A structural and transcription pattern for variant surface glycoprotein gene expression sites used in metacyclic stage Trypanosoma brucei

African trypanosomes first express the variant surface glycoprotein (VSG) at the metacyclic stage in the tsetse fly vector, in preparation for transfer into the mammal. Metacyclic (M)VSGs comprise a specific VSG repertoire subset and their expression is regulated differently from that of bloodstream VSGs, involving exclusively transcriptional regulation during the life cycle.
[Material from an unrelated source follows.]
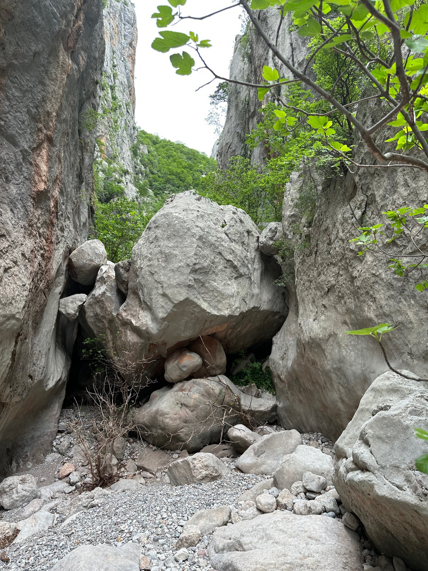 Some boulders in the gorge, like this at this photo, were not easy to climb. Fortunately, nowadays there is no water flowing through Mala Paklenica.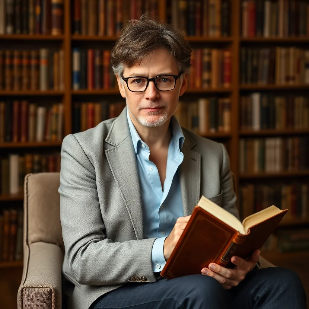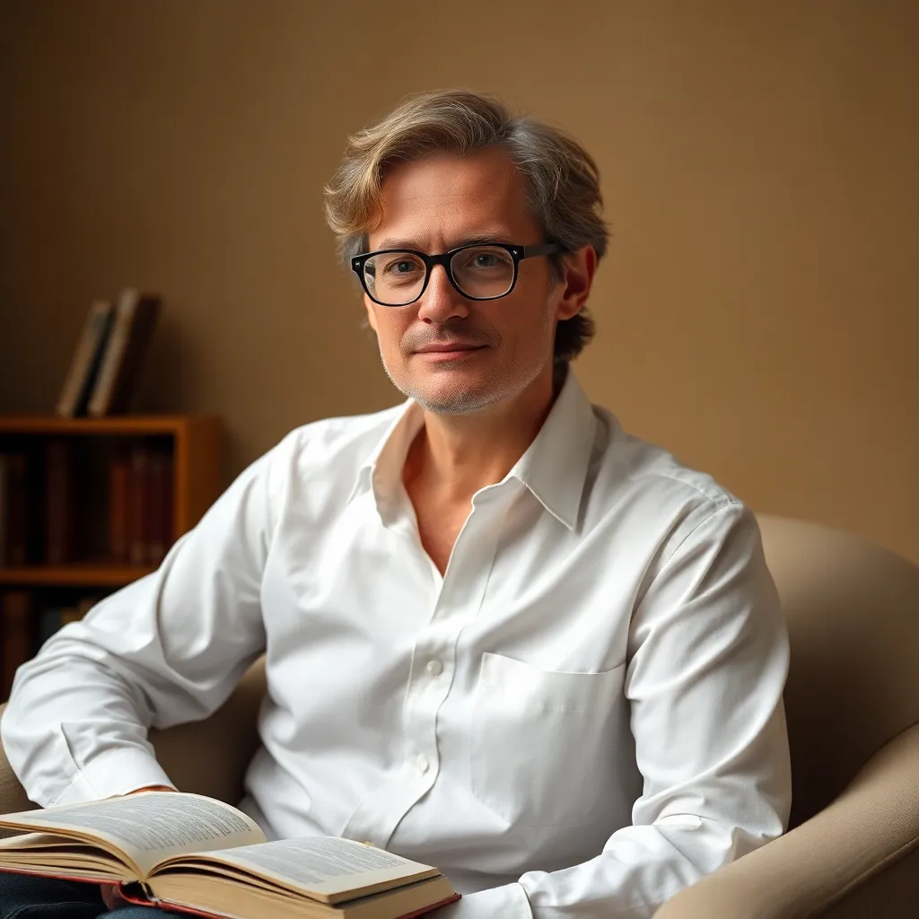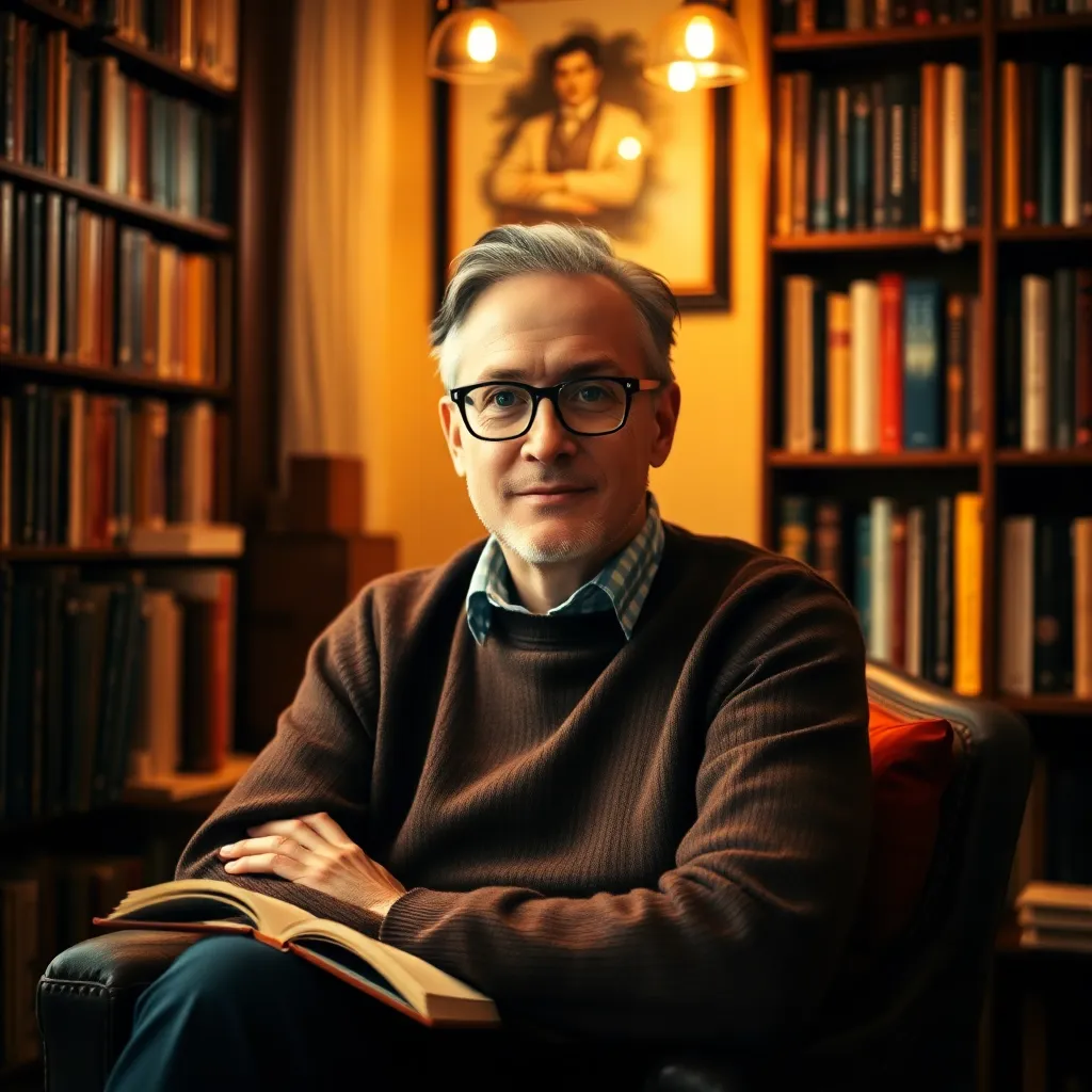 Capture the essence of a renowned author's persona in a high-quality headshot. Imagine a warm, well-lit studio setting with a classic, timeless aesthetic. The author, dressed in comfortable yet stylish attire, sits confidently with a hint of a smile, surrounded by books, papers, or a subtle literary prop.

To identify basic structural and functional features that may be common to MVSG telomeric transcription units, we have characterized the anatomy and transcription of the telomere containing the ILTat 1.61 MVSG gene. This telomere contains pseudogenes of the ESAG1 and ESAG9 families found in bloodstream VSG transcription units. The 1.61 MVSG occupies a monocistronic transcription unit and is transcriptionally controlled through the life cycle. The 1.61, and also the 1.22, MVSG transcription initiation site sequences resemble eukaryotic initiator elements. Sequence comparison reveals that four out of five characterized MVSG expression sites have a conserved region 2.0-4.7 kb long upstream of the MVSG. In some cases, this region contains not only the transcription initiation site that we have observed to be active in fly-transmitted trypanosomes but also, upstream, another sequence, described elsewhere as a 'putative promoter' for the MVAT set of M/VSGs (Nagoshi YL, Alarcon CM, Donelson JE. A monocistronic transcript for a trypanosome variant surface glycoprotein, Mol Biochem Parasitol 1995;72:33-45). In fly-transmitted trypanosomes, the latter element is transcriptionally silent. Our analysis of the structure of MVSG telomeres suggests that metacyclic expression sites arose from bloodstream expression sites.